Was there not enough intelligence shared with state and local officials? Did the National
Guard not respond in time? There are legitimate concerns about protection, Capitol Police's
ability to deal with a crowd of that magnitude. But the Senate Homeland Security Committee and
the Senate Rules Committee spent a good amount of time in their report looking at protection
and the days leading up to the riot as it relates to Capitol Police. So in many ways,
that issue has been largely looked at by the Senate. And so the other question is,
what story do you want to tell now that you didn't know before you started the investigation?
Yeah, that's something that kind of confuses me because it feels like there's already been a number of hearings on these issues that you're talking about.
What went wrong? How do we fix it?
There was even just yesterday something like $2 billion appropriated to at least partially beefing up security and funding Capitol Police.
What do we still need to know?
Here's what we need to know now.
If you look at the FBI director's testimony
immediately following January 6th,
he talks about this idea of a Norfolk memo.
The Norfolk report, and I guess I just...
There was an office in Virginia that alerted the FBI
to what they saw online,
and they gave that information to Capitol Police.
...was quickly passed to all of our partners
in three different ways almost immediately.

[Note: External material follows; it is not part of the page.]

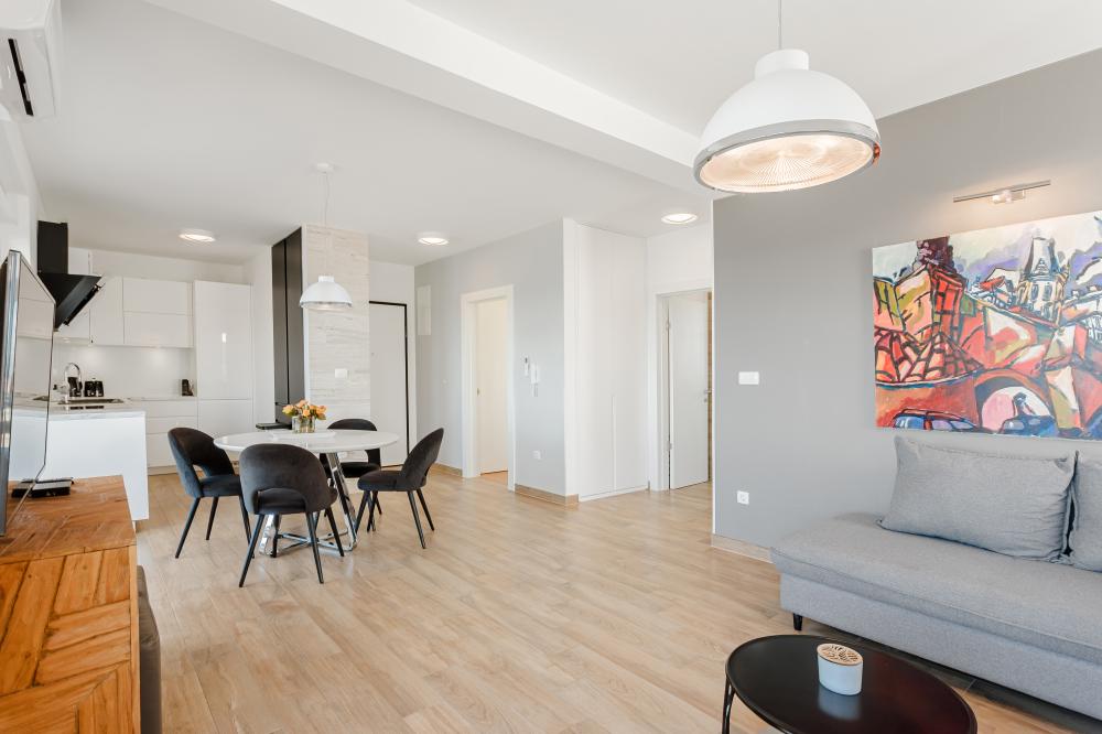 Apartmán se skládá ze dvou samostatných ložnic (jedna s manželskou postelí, druhá s oddělenými jednolůžkovými postelemi), z koupelny s toaletou a sprchovým koutem, a prostorné místnosti, která slouží zároveň jako kuchyňský, jídelní a obývací kout. K dispozici je plně vybavená kuchyň, jídelní stůl a židle, rozkládací pohovka (která v případě potřeby slouží jako přistýlka) a TV.

And that's all well and good, except for if that's the only thing that's out there,
if the FBI only produced a Norfolk memo, then that's a systemic failure
of analysis within the units. Because many people
outside, including myself and other academics,
had seen the system blinking red. And so if there's only a memo, then there's something
wrong at the FBI. And this hearing might help clarify whether there's something wrong at the
FBI? Well, you're hoping that the hearing on Tuesday ratchets up the pressure on departments
and agencies. Before that, the FBI, DOD, or other places may not necessarily be so
willing to share information. But now after you see that those videos, those four officers talking
about their experiences, it kind of forces the hand. One of the biggest barriers to accomplishing
anything here will, of course, be the polarization in Congress? Tuesday's testimony was somehow divisive. Who served on
this committee was divisive. Its aims are divisive. Is it possible to get anything done when even an
attack on Congress can't come close to unifying Congress? Politics is always going to be the
background noise in this type of investigation. It's true of any investigation that Congress does. So the only question becomes, can you keep your head down, grind it out,
and do just the facts, ma'am type of investigation? And that's going to be very difficult.
They're on an uphill battle. And that's why this framing, the first hearing mattered so much,
because it sets the stage for the future investigations.

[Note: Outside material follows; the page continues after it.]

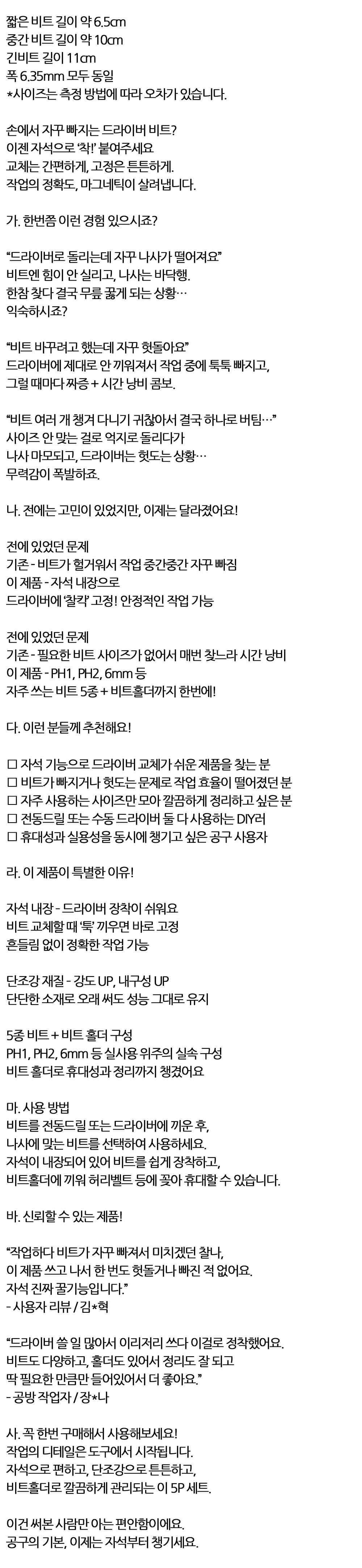 자석 내장 드라이버 장착이 쉬워요 마그네틱 비트세트

Do you think it moved the needle at all? And if not, is it even possible to move the needle
in a Congress this polarized?
Yeah, I'm not a big believer in the idea
that we can change people's minds right now
that are kind of stuck in their worldview.
But that doesn't have to necessarily be the only goal
for an investigation like this.
One of the goals should be a documenting history.
And so I think the committee should ignore as best they can the politics of the day and
look at the future and what kind of history are they going to be writing. Even though there is overwhelming evidence to the contrary, including hours and hours
of videos and photographic coverage, there is a continuous shocking attempt to ignore
or try to destroy the truth of what truly happened that day, and to whitewash the facts into something other than what they all
mistakenly reveal. An attack on our democracy by a violent domestic
extremists and a stain on our history and our moral standing here home and abroad. on. Thank you.